Les nouvelles gauches, écrit-il, “ont été contraintes de nuancer, de découvrir des arguments subtils, de désamorcer. Mais cela fatigue.”
Un autre point où Witker est catégorique est l'usure de l'argument du blocus. L'académicien assure que l'embargo « n'explique pas le naufrage cubain », et rappelle que la loi permet des achats et n'entrave pas le commerce avec d'autres pays. Le problème, soutient-il, est que Cuba ne produit rien d'exportable et s'est retrouvé sans sources réelles de devises.
La récolte de canne à sucre “n'atteint à peine qu'un dixième” de ce qui avait été promis en 1970; personne ne fait plus appel aux services médicaux cubains; le tourisme s'est effondré; et les envois d'argent ne suffisent plus.
Une élite fracturée et sans soutien symbolique
À cette crise s'ajoute le mystère et la tension interne entre les dirigeants eux-mêmes.
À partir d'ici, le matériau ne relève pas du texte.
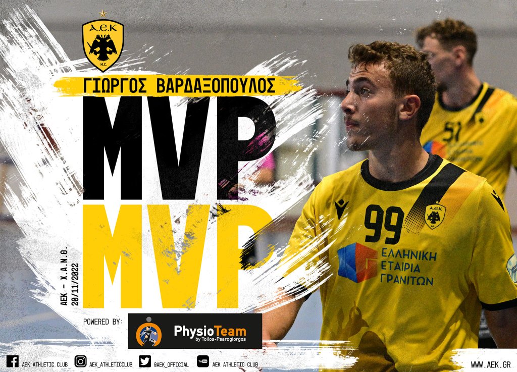 Η ομάδα χάντμπολ της ΑΕΚ επικράτησε με 39-16 της ΧΑΝΘ για την 9η αγωνιστική του Πρωταθλήματος και σε αυτο το παιχνίδι ο Γιώργος Βαρδαξόπουλος ήταν από τους κορυφαίους, με αποτέλεσμα να αναδειχθεί MVP «Physiosteo Team».
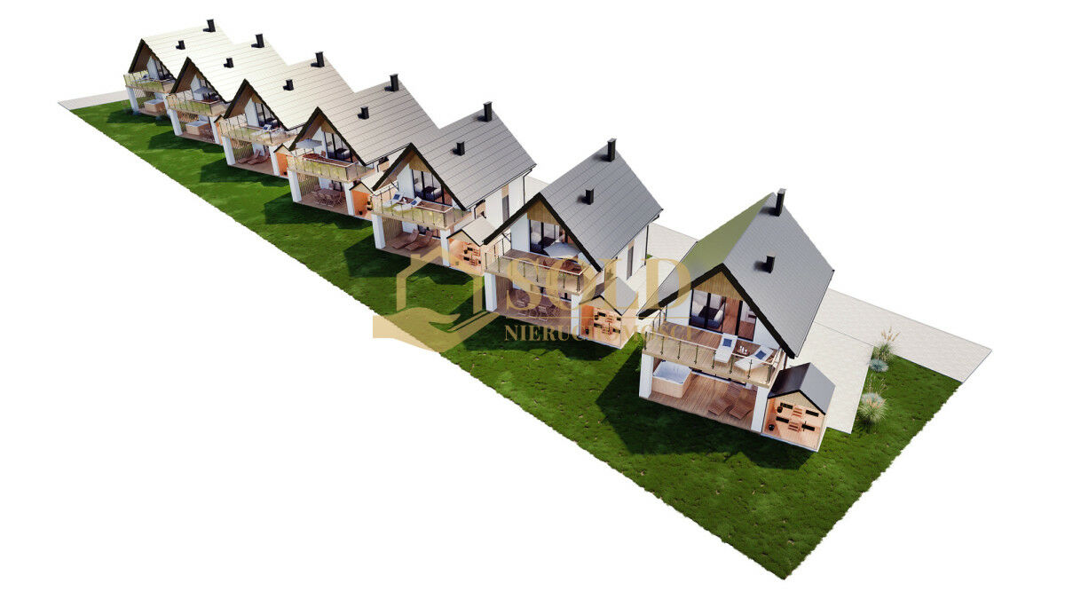 W planach 7 niezależnych budynków z sauną i miejscem parkingowym- możliwość budowy i sprzedaży poszczególnych budynków lub wynajmu.

Witker s'arrête sur le cas d'Alejandro Gil Fernández, l'ancien ministre de l'Économie accusé de corruption et désigné comme responsable de l'effondrement économique.
Pour l'académicien, le processus ne vise pas la justice, mais un destin sombre : “Terminer devant un peloton d'exécution”.
Cette image, dit-il, est incompatible avec l'opinion publique latino-américaine actuelle, même avec celle qui est la plus encline à sympathiser avec l'île.
Le résultat de tout ce tableau, l'effondrement économique, les épidémies, la pauvreté structurelle, les fractures internes et la perte de pertinence internationale, est que Cuba a cessé d'être le symbole qu'elle était.
Pour Witker, l'île “a depuis longtemps cessé de conquérir des cœurs”. Aujourd'hui, même ses anciens défenseurs préfèrent détourner le regard, adoucir leurs positions ou garder le silence pour éviter un épuisement idéologique ou moral que personne n'est prêt à assumer.
La révolution cubaine, conclut-on, est devenue un mythe érodé par sa propre réalité.